[Exercise]
Transcribe, exactly and without pictures, the lines below from the line with "中秋月餅ボックスギフト包装ボ" to the line with "The FSA-325 form is", both ends included, and no others.
[Extracted material Boundary: Start]
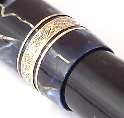 Photo of a pen produced by Aurora. Model: Superna. Filling system: back lever. In blue striated celluloid. Detail of band.
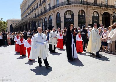 En Zaragoza la Misa Estacional tuvo lugar a las 11 horas en el Altar Mayor de la Catedral Basílica del Pilar, presidida por S.E. Rvdma. D. Carlos Escribano Subías, Arzobispo de Zaragoza, y posteriormente la solemen procesión por la Plaza de Nuestra Señora del Pilar. Varios miembros de la Sección de Aragon acompañaron a la Custodia, dando testimonio y mensaje de piedad y devoción a Cristo Eucaristía.
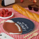 Customisable paper plates in 2 SIZES - 9" and 7" feature a football on navy blue and the words "It's Game Day!" along with your name. MORE colours and matching items in our store.
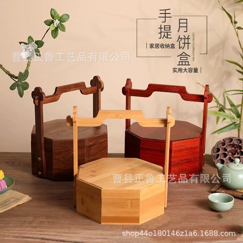 中秋月餅ボックスギフト包装ボックス無垢材ポータブルギフトボックス中国ピクニックデザートフルーツ収納バスケット
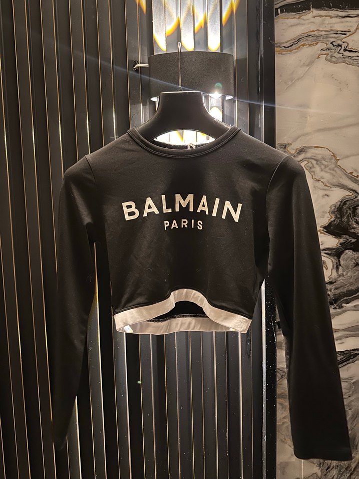 Balmain Paris kadın crop top, uzun kollu, dar kesim ve kısa mini boydadır. Siyah sentetik kumaş üzerine baskılı logo ve kemer detayına sahiptir.
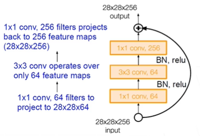 bottleneck : 1*1 conv를 통해 feature 크기를 바꿔준다.(googlenet과 유사)
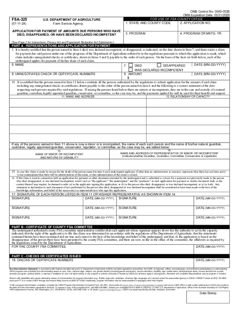 The FSA-325 form is designed to apply for payments owed to individuals who are deceased, disappeared, or declared incompetent. This form is relevant for beneficiaries seeking to claim payments due from the U.S. Department of Agriculture’s Farm Service Agency (FSA). Utilizing the FSA-325 form streamlines the process of agricultural payment claims, ensuring that rightful beneficiaries can access owed amounts efficiently.
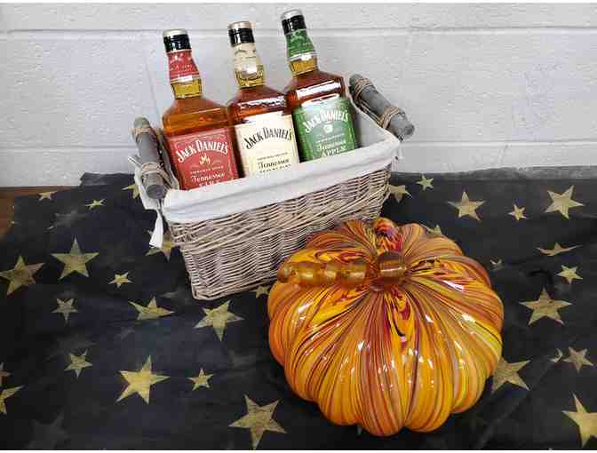 It's Halloween season and what goes best with the spooky, cold evenings sitting by the fire?? Well of course a sip of Jack Daniels while you admire the flames reflecting off this beautiful glass pumpkin. You get 3 different kinds of Jack Danies: Cinnamon Spice Tennessee Fire, Tennessee Honey and Tennessee Apple. Enjoy!!
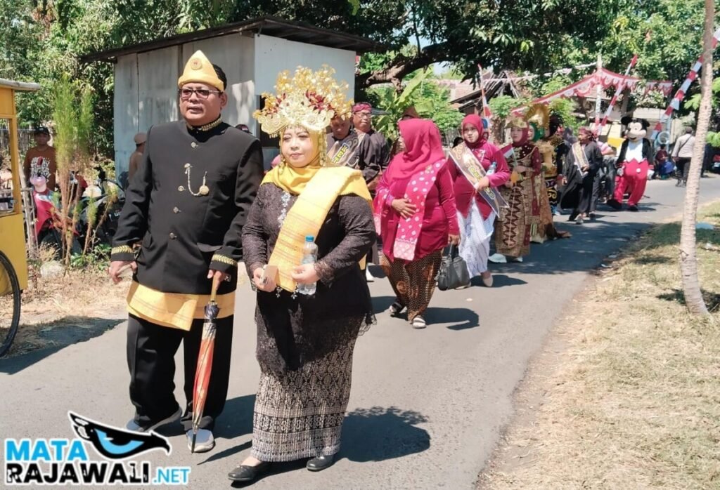 matarajawali.net – Situbondo; Semangat kemerdekaan Indonesia HUT RI ke-80 terasa begitu kental di Desa Curah Jeru. Tidak hanya warga, Kepala Desa Curah Jeru, Bapak (*Sandi*) bersama Istri), pun turut berpartisipasi aktif dalam pawai karnaval yang digelar hari ini, dalam rangka memeriahkan Hari Ulang Tahun Republik Indonesia ke-80. Kehadiran beliau menjadi penyemangat tersendiri bagi seluruh peserta pawai.
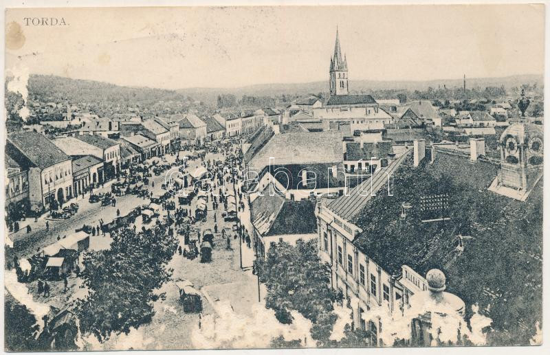 Leírás: 1914 Torda, Turda; látkép, piac, üzletek. Füssy József kiadása / general view, market, shops (felületi sérülés / surface damage)
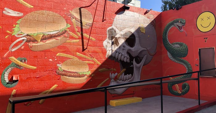 Christine Coates gets edgy with this mural for the new to-go burger restaurant Hate Burger (just opened).
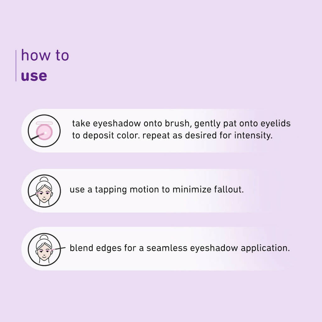 How to use:- Scoop eyeshadow with the brush, softly pat onto the eyelids to apply color. Repeat as needed for more depth.
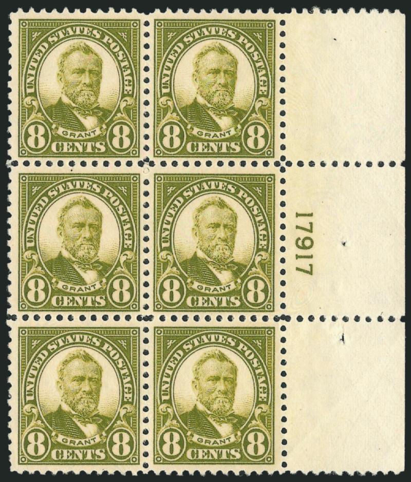 8c Olive Green (560). Mint N.H. right plate no. 17917 block of six, well-centered with pristine color, light natural gum bends, Very Fine (Image)Search for comparables at SiegelAuctions.com |
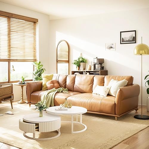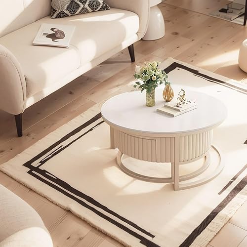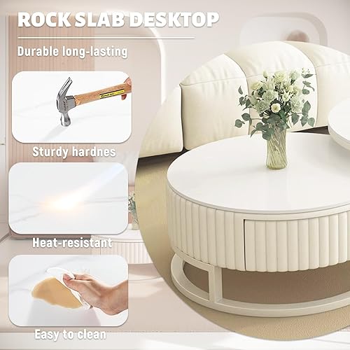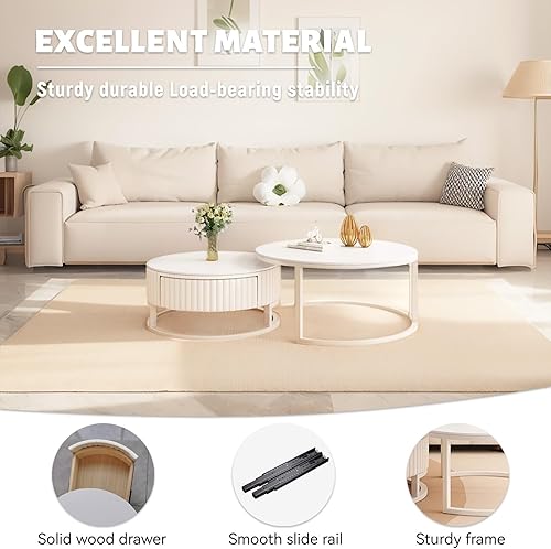 Ronde Table Basse Moderne Lot De 2 Blanche Avec Rangement - Table Gigogne Marbre Avec Tiroir Et Cadre Métallique Pour Salon, Chambre, Bureau
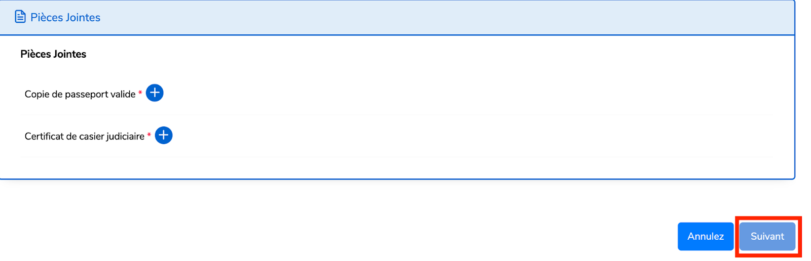 Joignez les pièces jointes requises,puis cliquez sur “Suivant”.
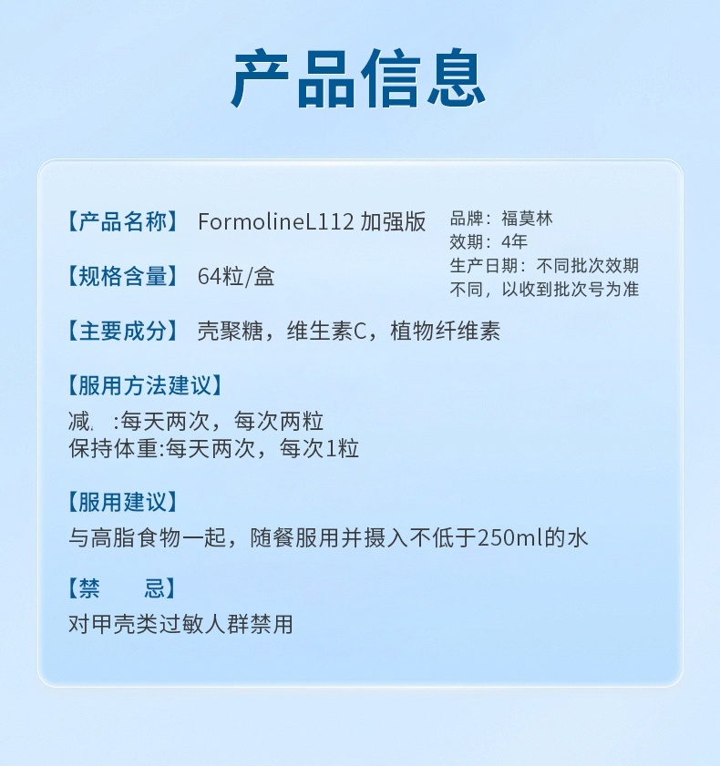 【跨境】德国Formoline 福莫林 L112 EXTRA加强版膳食纤维素补充剂 64粒/盒
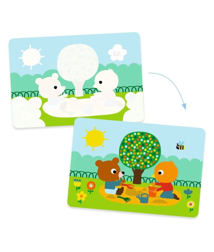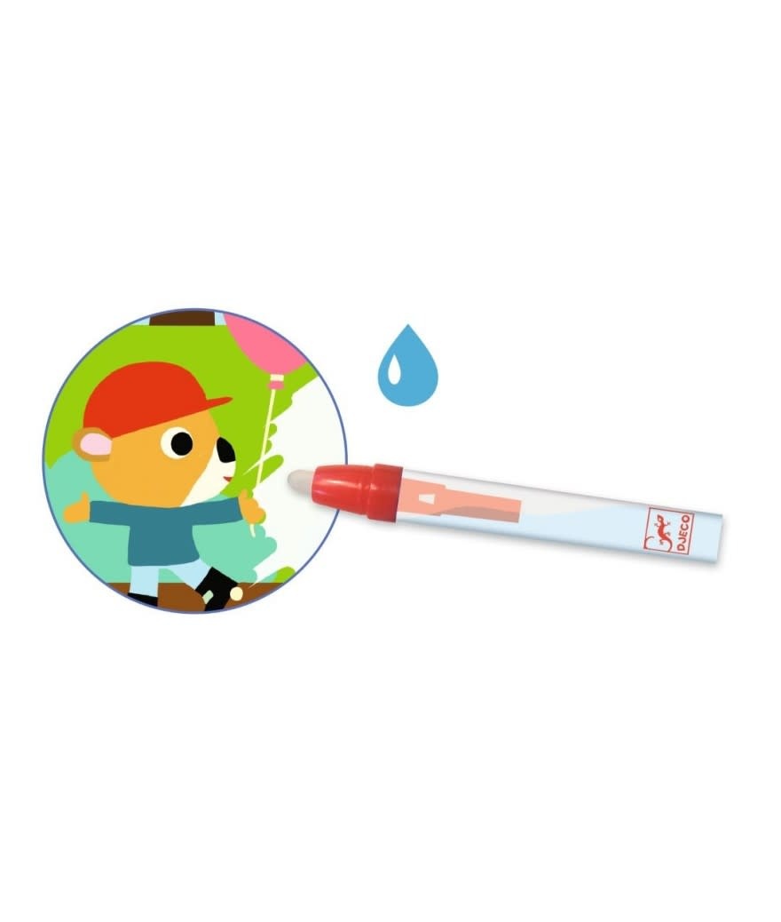 Met het Djeco waterkleurboek – In het Park ontdekken kinderen vanaf 18 maanden spelenderwijs de wereld om hen heen. Met de speciale waterpen kleuren ze de witte vlakken op de platen in en toveren ze stap voor stap de verborgen illustraties tevoorschijn.
[Extracted material Boundary: End]
[Exercise answer]
 中秋月餅ボックスギフト包装ボックス無垢材ポータブルギフトボックス中国ピクニックデザートフルーツ収納バスケット
 Balmain Paris kadın crop top, uzun kollu, dar kesim ve kısa mini boydadır. Siyah sentetik kumaş üzerine baskılı logo ve kemer detayına sahiptir.
 bottleneck : 1*1 conv를 통해 feature 크기를 바꿔준다.(googlenet과 유사)
 The FSA-325 form is designed to apply for payments owed to individuals who are deceased, disappeared, or declared incompetent. This form is relevant for beneficiaries seeking to claim payments due from the U.S. Department of Agriculture’s Farm Service Agency (FSA). Utilizing the FSA-325 form streamlines the process of agricultural payment claims, ensuring that rightful beneficiaries can access owed amounts efficiently.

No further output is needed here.